Si la vénération de Saint Joseph a dû attendre presque incroyablement jusqu'à la fin du XVIe siècle pour avoir une église dédiée, en vérité il faut dire que la vénération des Romains pour le père putatif de Jésus est beaucoup plus ancienne et avait son siège à quelques centaines de mètres de San Pietro in Carcere. En 382, ​​lorsque saint Jérôme revint à Rome, il emporta avec lui les reliques du manteau de saint Joseph et du voile de la Vierge et confia leur conservation à l'église de Sainte-Anastasia sur le Palatin. Pourquoi Sainte Anastasie ? Il s'agit de l'église inaugurée le 25 décembre 326, lorsque le pape Sylvestre y célébra Noël en présence de l'empereur Constantin. C'était la première fois que Noël était célébré en Occident et, ici, pendant des siècles, la tradition s'est maintenue selon laquelle le pape célébrait la messe de l'aube le jour de Noël.

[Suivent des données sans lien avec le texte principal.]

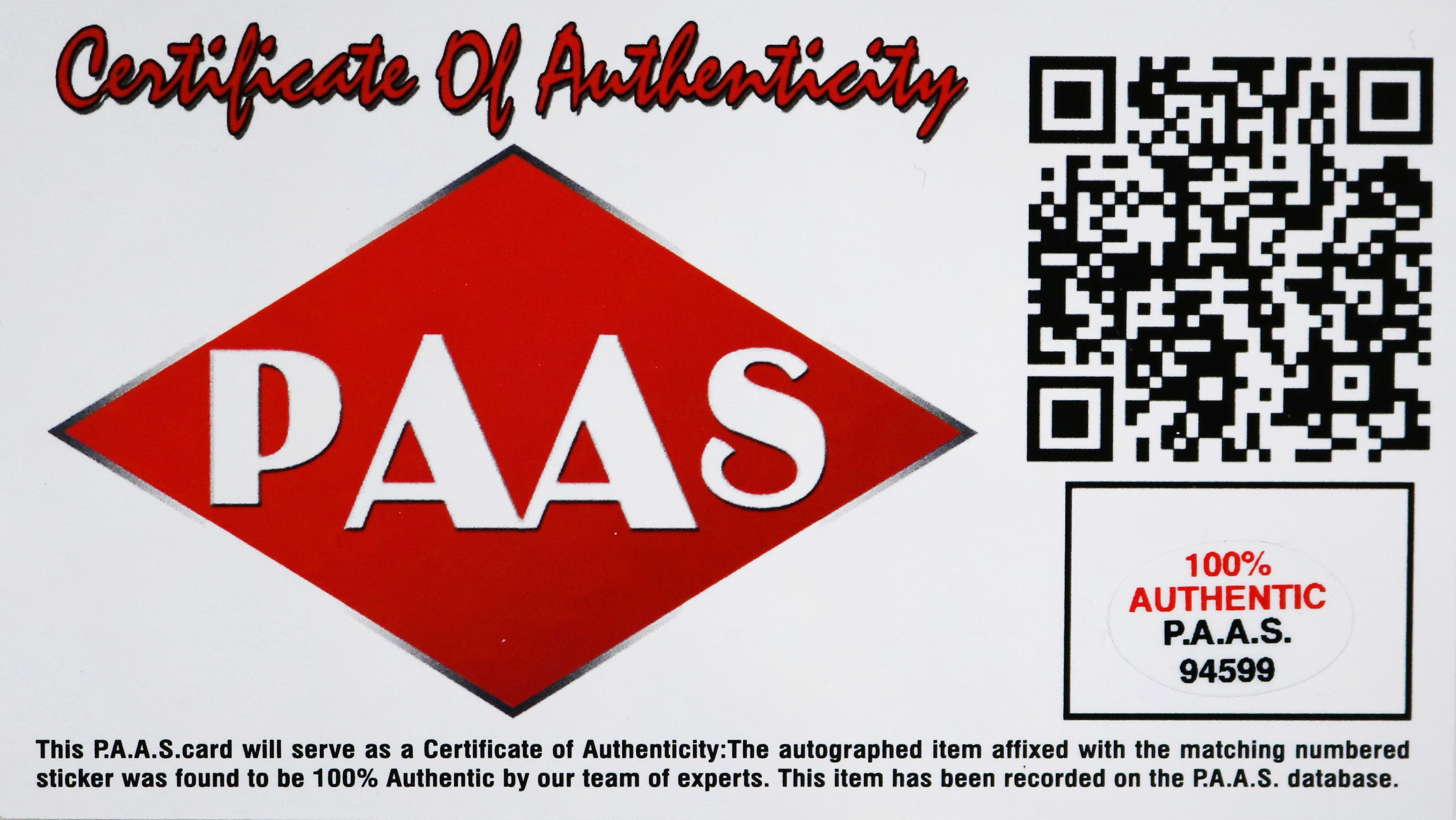 Autographed item comes with Certificate Of Authenticity (COA) Card from PAAS Professional Autograph Authentication Services

Si San Giuseppe dei Falegnami est la première église dédiée à l'époux de Marie à Rome, il n'a pas fallu attendre des siècles pour voir naître la seconde : la même année 1597, une chapelle fut érigée dans le couvent des Carmélites de Capo le Case, c'est-à-dire à la limite du centre habité de la ville, dans une zone qui à l'époque était justement en train d'être valorisée par la construction de la Via Sistina par Sixte V. Les origines cloîtrées de cette chapelle sont encore visibles à partir des quatre petites fenêtres à grilles, deux de chaque côté, qui donnent sur le maître-autel et d'où les Carmélites suivaient les offices. 

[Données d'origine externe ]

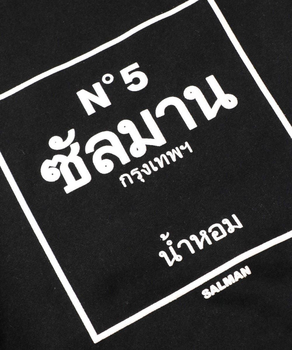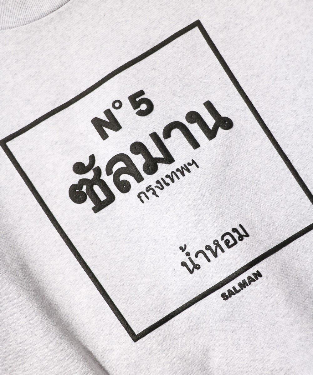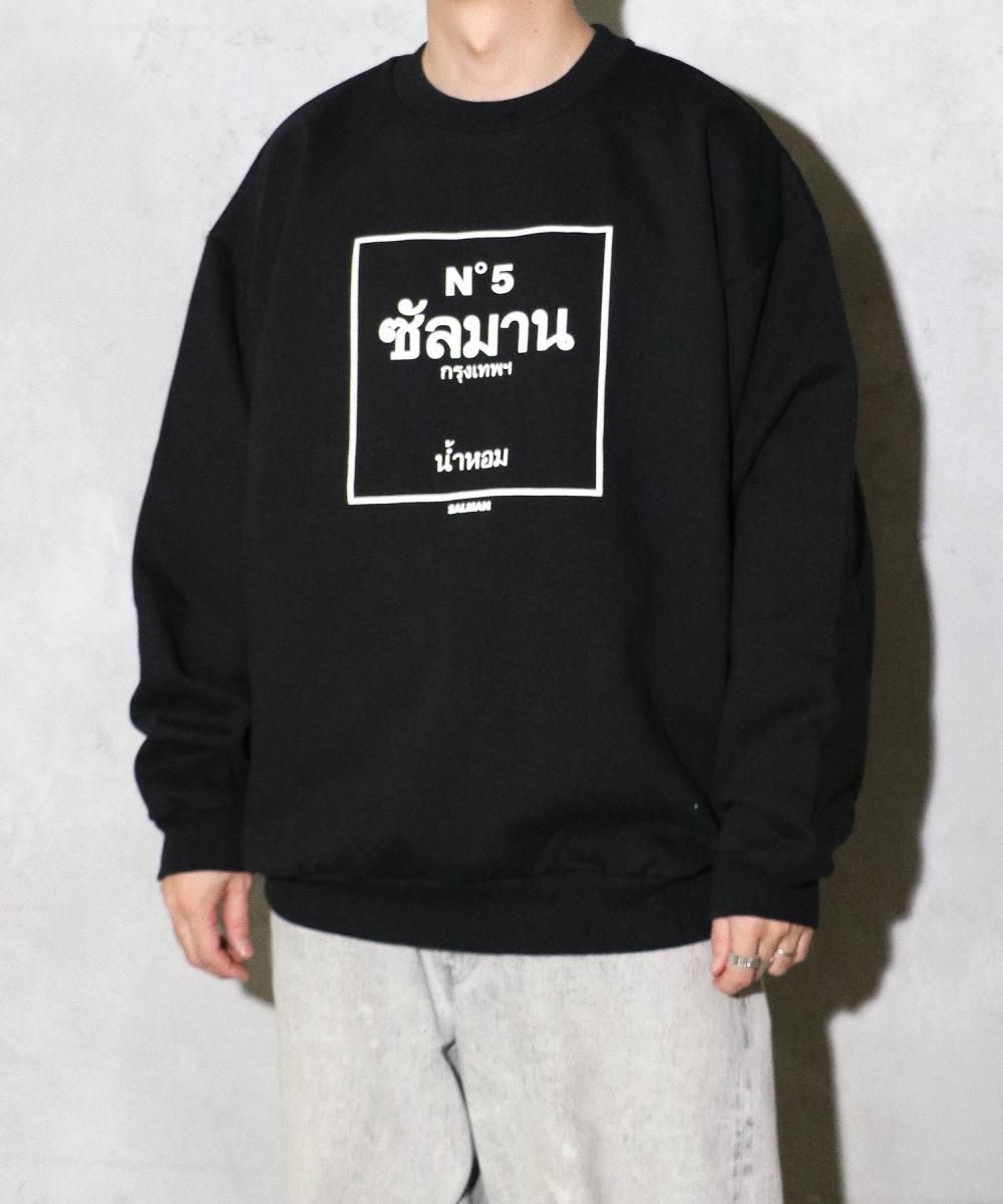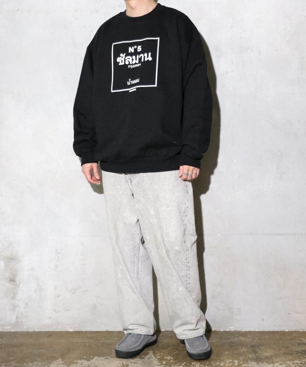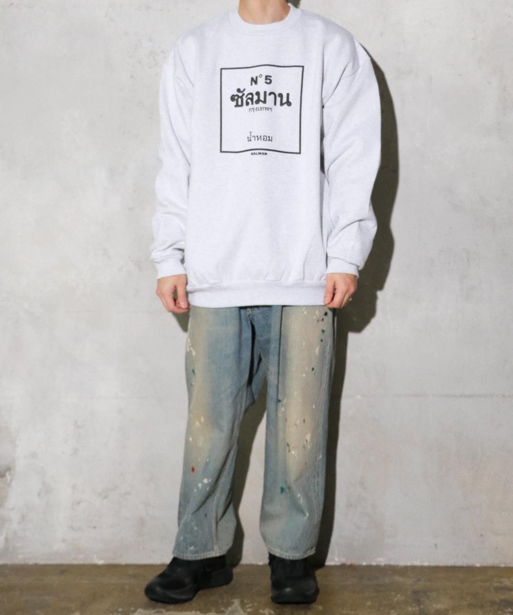 誰もが知るオードパルファム「NO.5」をタイ語でオマージュした発泡プリントを前面に施した裏起毛クルーネックスウェット。

L'église postérieure des Saints Joseph et Ursule est également liée à un couvent féminin, celui des Augustines. Construit en même temps que le couvent en 1684 par Camilla Orsini Borghese, via Vittoria, à Campo Marzio, il devint plus tard un conservatoire pour jeunes filles, puis désacralisé et définitivement confié au Conservatoire voisin de Santa Cecilia qui le transforma en salle de concert en 1839. En 1734, San Giuseppe della Lungara fut érigé à Trastevere, église à laquelle fut annexé un couvent confié à la Congrégation des Pieux Ouvriers. En avançant dans le temps, en 1884, la construction de l'église de San Giuseppe di Cluny a commencé via Poliziano, dans le quartier Monti, annexée au couvent des Sœurs de San Giuseppe. La consécration eut lieu en 1900 avec le couvent, qui fut alors transformé en maison de vacances pour les pèlerins. Au XXe siècle, débute la construction d'églises paroissiales, qui accompagne le développement urbain de la ville. La première fut l'église de San Giuseppe dans la via Nomentana (1904), suivie de San Giuseppe al Trionfale, construite par San Luigi Guanella (1909) et bien connue des lecteurs de La Sainte Croisade. Puis l'église de Maria Assunta et San Giuseppe à Primavalle (1932), San Giuseppe Artigiano à Collatino (1958) et enfin San Giuseppe all'Aurelio (1970).